Смутное чувство тревоги поселилось в ее душе в тот миг, когда Генри посмотрел на оказавшуюся перед ним книгу сказок пустым взглядом. Эмма пыталась убедить себя, что сын просто устал, что было неудивительно, учитывая свалившиеся на него испытания, но крохотный колокольчик интуиции тревожно звенел, не переставая. Продолжая винить себя в том, что не смогла уберечь собственное дитя от опасности, Эмма хотела побыть с сыном наедине, поговорить с ним, обнять его, показать, доказать, что он не одинок, что он любим, но, кажется, Генри сам не хотел быть с ней. Он ушел с Реджиной и даже не ответил на сообщение с пожеланием сказочных снов, которое Эмма отправила ему.
Она всегда отправляла ему такое сообщение, а Генри всегда отвечал ей. Всегда. Это было их традицией.

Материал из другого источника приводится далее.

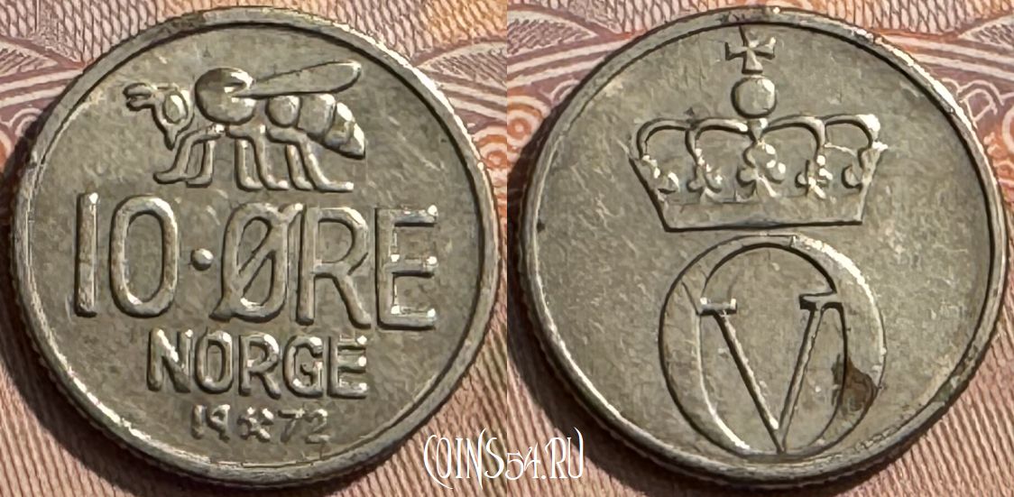 Норвегия 10 эре 1972 года, KM# 411, 307s-002

Мучаясь предчувствием надвигающейся беды, Эмма все же попыталась поговорить с родителями перед сном, выказывая опасение, но те лишь снисходительно улыбнулись, говоря об усталости Генри, о ревности самой Эммы, а после сразу перевели разговор на назначенное Нилом свидание. Как будто все уже было решено! Они ждали от нее определенного поведения – всепрощения, воссоединения семьи и все такое, чем славилась чета Прекрасных, точно оптимизм и слепая вера в лучшее должна была передаться ей по наследству. От отчаяния хотелось кричать, и, боясь наговорить лишнего, Эмма сослалась на усталость и ушла к себе. Почему никто не видит, что на самом деле представляет собой Нил? Почему никто не заметил, что с Генри что-то не так? Почему никто не понимает ее? Никто, кроме…

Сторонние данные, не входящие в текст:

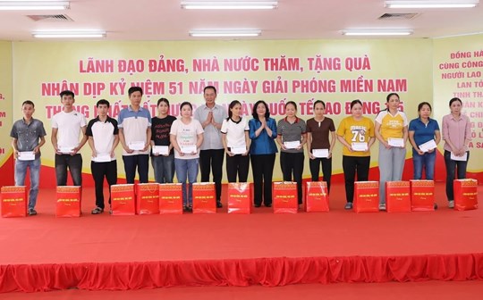 (Mặt trận) - Chiều 27/4, nhân kỷ niệm 51 năm Ngày Giải phóng miền Nam, thống nhất đất nước (30/4/1975 - 30/4/2026) và 140 năm Ngày Quốc tế Lao động (1/5/1886 - 1/5/2026), Đoàn công tác của lãnh đạo Đảng, Nhà nước do đồng chí Bùi Thị Minh Hoài, Ủy viên Bộ Chính trị, Bí thư Trung ương Đảng, Bí thư Đảng ủy MTTQ và các đoàn thể Trung ương, Chủ tịch Ủy ban Trung ương MTTQ Việt Nam làm Trưởng đoàn, đã đến Công ty TNHH Sakurai, phường Quảng Phú trao quà cho các gia đình chính sách, người nghèo và công nhân lao động có hoàn cảnh khó khăn tại tỉnh Thanh Hóa.

Крюк не подходил к ней вечером. На самом деле, с того самого момента, как они вернулись в Сторибрук, он держался на расстоянии, не делая абсолютно ничего, чтобы приблизиться к ней, чтобы заговорить. Несколько раз она ловила его задумчивые взгляды, но не было ни привычного флирта, ни многозначительных намеков, ни лукавых улыбок, от которых в уголках его глаз появлялись морщинки. Весь вечер он просто сидел за стойкой с кружкой «Guinness», словно она, да еще и кучка гномов, были для него самой предпочтительной компанией.
Разбитая поведением Генри, Нила и родителей, увязнув в чувствах вины и тревоги, Эмма не сразу подумала об этом, но сейчас осознание обрушилось на нее, погребая непомерной тяжестью. Киллиан наверняка слышал ее разговор с Нилом. Точнее, то, что Нил говорил ей, и то, что Эмма не отказала ему.
Нутро скрутило новым приступом паники, до тошноты, от которой во рту появился привкус желчи, до судороги, сковавшей тело железными оковами.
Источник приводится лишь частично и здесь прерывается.